> What the exercise asks:
Your task is to transcribe the records exactly, skipping every image.

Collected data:
•••

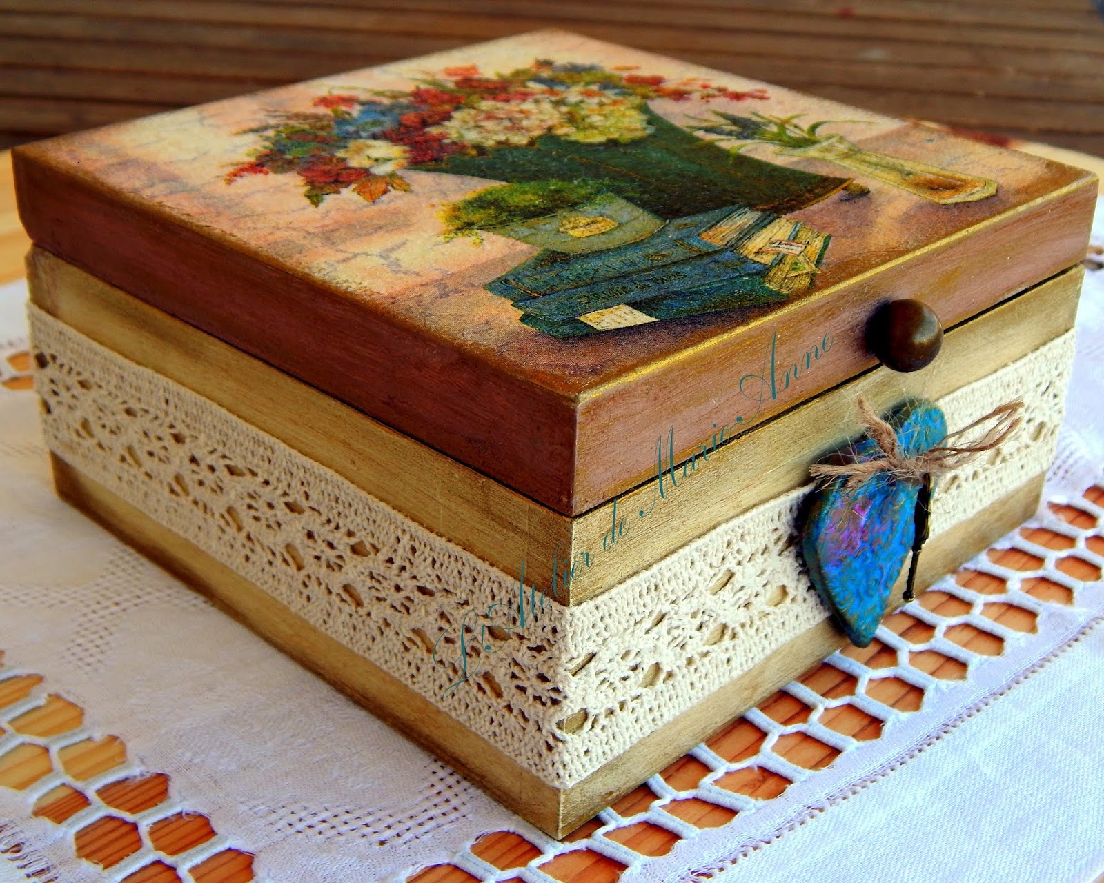 Κατ'αρχάς, να σας πώ πόσο ευχαριστήθηκα την κάθε φάση της διακόσμησης αυτού του ξύλινου κουτιού, για την οποία έθεσα σ'εφαρμογή διάφορες τεχνικές.
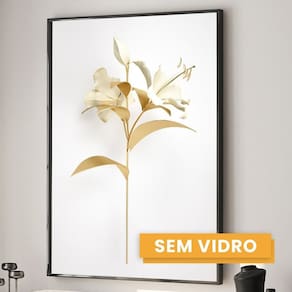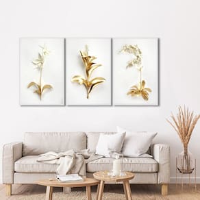 Quadro Decorativo Floral Delicado Flores Brancas e Douradas com 3 Telas para Sala, Quarto, Banheiro, Escritório, Hall, Hall de Entrada, Estúdio, Salão, Clínica.
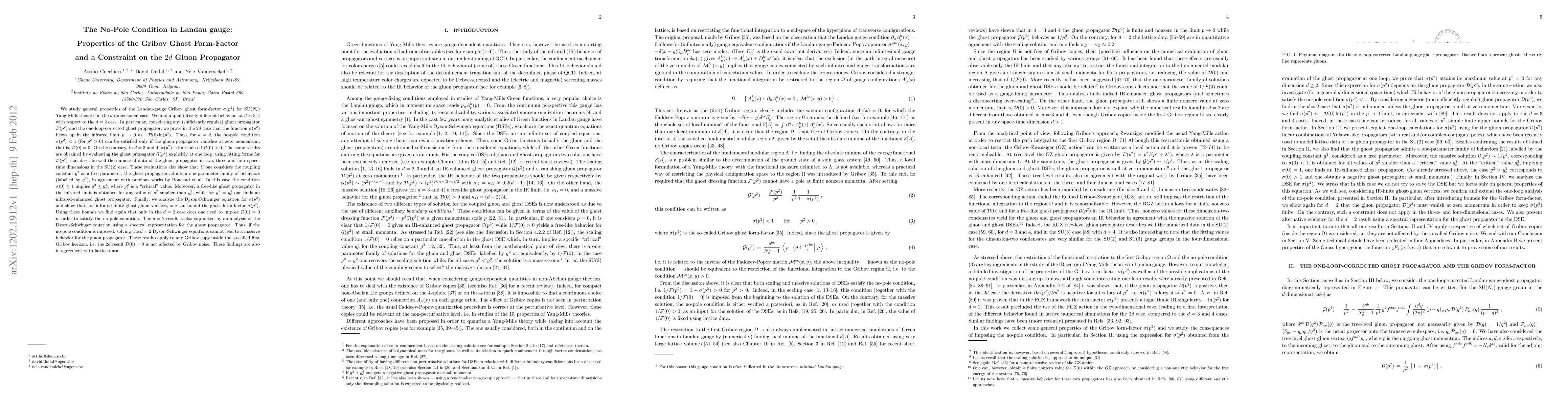 The paper investigates the Landau gauge Gribov ghost form-factor sigma(p^2) in different dimensions, revealing a qualitatively different behavior for d=3,4 compared to d=2, with sigma(p^2) blowing up in the infrared limit for d=2 unless D(0)=0.
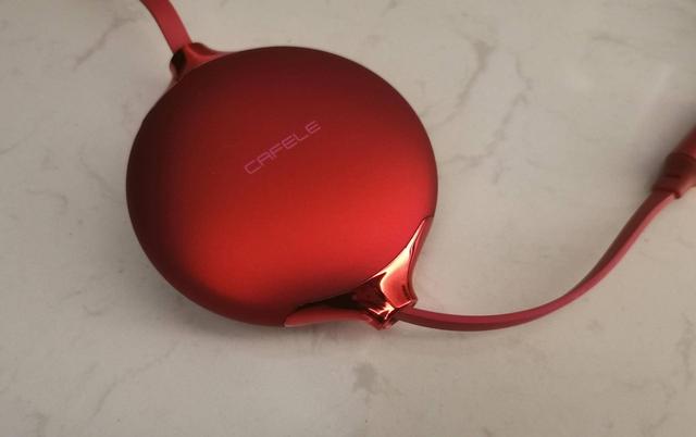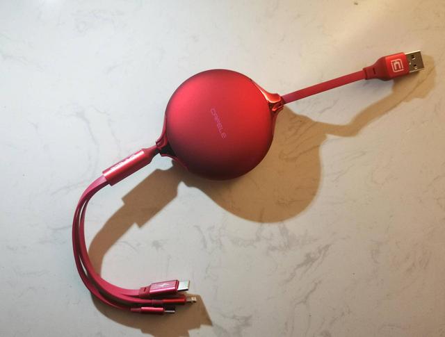卡斐乐雅动系列伸缩数据线共有暗夜绿、中国红、典雅黑三种配色,个人感觉红色更好看一些,单拉数据线的收纳在中间圆鼓鼓的部分中,如果能在旁边做一个挂钩,挂在背包上完全可以当成装饰品了。
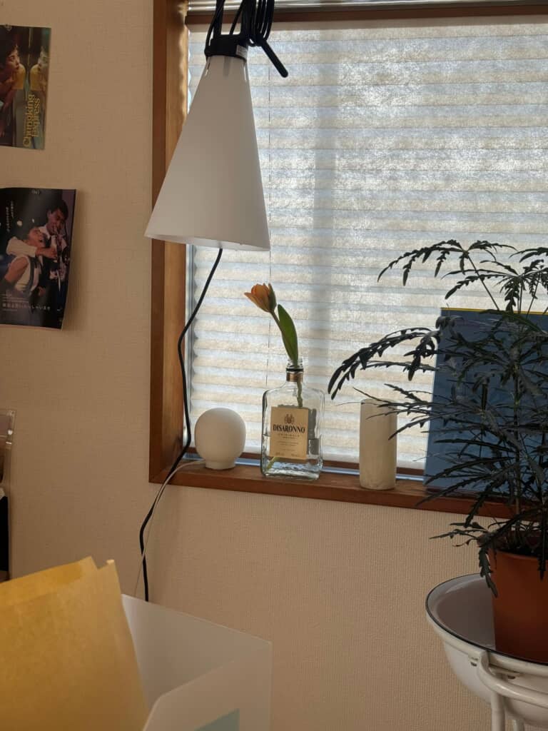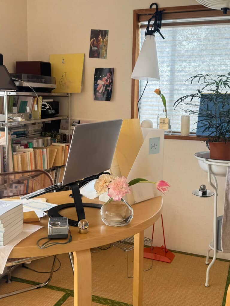 デスク周りやラックには本や紙ものなどがたくさん置かれていますが、全体の色味を抑えてすっきりとした雰囲気になっているからか、雑多な印象にならないのがセンスを感じさせます。花瓶や照明などのディティールにもこだわりが光り、どこか懐かしいノスタルジックさと現代的な感性が共存しているようです。
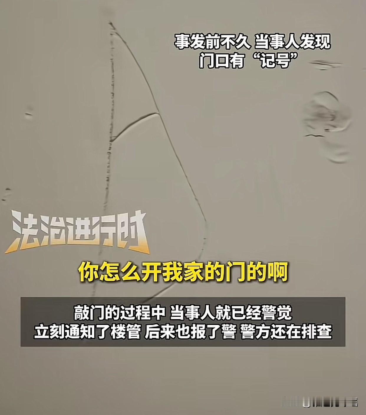 “真的细思极恐!”河南开封一女子正在家休息,突然有人先敲门,女子以为敲错了没有理会,看她没答应,一陌生男子居然直接撬锁走了进来。大白天就这么大胆,幸好小偷做贼心虚,看到屋里有人转身就跑。 回顾整个过程,我觉得最可怕的是,女生后来发现家门口早就被画了奇怪的符号。说实话,这明显是小偷团伙在踩点做记号,现在连犯罪都搞得这么有套路,真是太可怕了。 真心建议独居的朋友们,家门口一定要装个监控。要是看到可疑记号,马上擦掉并且报警。要我说,现在小偷都这么“努力”,咱们的防盗意识真得跟上趟。把社区管理和科技手段结合起来,才能不让坏人有空子可钻。毕竟安全这件事,怎么小心都不为过!
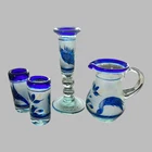Add a touch of vintage style to your kitchen with this stunning four-piece glassware set. Featuring a beautifully hand-painted bird pattern in blue and frosted glass, this set includes a mini pitcher, two glasses, and a candlestick. Made of high-quality glass and crafted in Mexico, this set is both functional and decorative. Perfect for entertaining or as a thoughtful gift, this set is sure to impress. The mini pitcher and glasses are the perfect size for cordials or cocktails, while the candlestick adds a cozy touch to any table setting. With measurements included in the photos, you can be sure that this set will fit perfectly into your home décor.
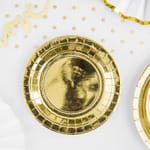 Pappersassietter i metallisk guldfinish. Engångs och smidiga att slänga efter användning. Passar fint till studentdukning, nyårsfirande eller andra tillställningar där du vill ha en gyllene touch på bordet.

•••

> Expected output:
 Κατ'αρχάς, να σας πώ πόσο ευχαριστήθηκα την κάθε φάση της διακόσμησης αυτού του ξύλινου κουτιού, για την οποία έθεσα σ'εφαρμογή διάφορες τεχνικές.
 Quadro Decorativo Floral Delicado Flores Brancas e Douradas com 3 Telas para Sala, Quarto, Banheiro, Escritório, Hall, Hall de Entrada, Estúdio, Salão, Clínica.
 The paper investigates the Landau gauge Gribov ghost form-factor sigma(p^2) in different dimensions, revealing a qualitatively different behavior for d=3,4 compared to d=2, with sigma(p^2) blowing up in the infrared limit for d=2 unless D(0)=0.
卡斐乐雅动系列伸缩数据线共有暗夜绿、中国红、典雅黑三种配色,个人感觉红色更好看一些,单拉数据线的收纳在中间圆鼓鼓的部分中,如果能在旁边做一个挂钩,挂在背包上完全可以当成装饰品了。
 デスク周りやラックには本や紙ものなどがたくさん置かれていますが、全体の色味を抑えてすっきりとした雰囲気になっているからか、雑多な印象にならないのがセンスを感じさせます。花瓶や照明などのディティールにもこだわりが光り、どこか懐かしいノスタルジックさと現代的な感性が共存しているようです。
 “真的细思极恐!”河南开封一女子正在家休息,突然有人先敲门,女子以为敲错了没有理会,看她没答应,一陌生男子居然直接撬锁走了进来。大白天就这么大胆,幸好小偷做贼心虚,看到屋里有人转身就跑。 回顾整个过程,我觉得最可怕的是,女生后来发现家门口早就被画了奇怪的符号。说实话,这明显是小偷团伙在踩点做记号,现在连犯罪都搞得这么有套路,真是太可怕了。 真心建议独居的朋友们,家门口一定要装个监控。要是看到可疑记号,马上擦掉并且报警。要我说,现在小偷都这么“努力”,咱们的防盗意识真得跟上趟。把社区管理和科技手段结合起来,才能不让坏人有空子可钻。毕竟安全这件事,怎么小心都不为过!
Add a touch of vintage style to your kitchen with this stunning four-piece glassware set. Featuring a beautifully hand-painted bird pattern in blue and frosted glass, this set includes a mini pitcher, two glasses, and a candlestick. Made of high-quality glass and crafted in Mexico, this set is both functional and decorative. Perfect for entertaining or as a thoughtful gift, this set is sure to impress. The mini pitcher and glasses are the perfect size for cordials or cocktails, while the candlestick adds a cozy touch to any table setting. With measurements included in the photos, you can be sure that this set will fit perfectly into your home décor.
 Pappersassietter i metallisk guldfinish. Engångs och smidiga att slänga efter användning. Passar fint till studentdukning, nyårsfirande eller andra tillställningar där du vill ha en gyllene touch på bordet.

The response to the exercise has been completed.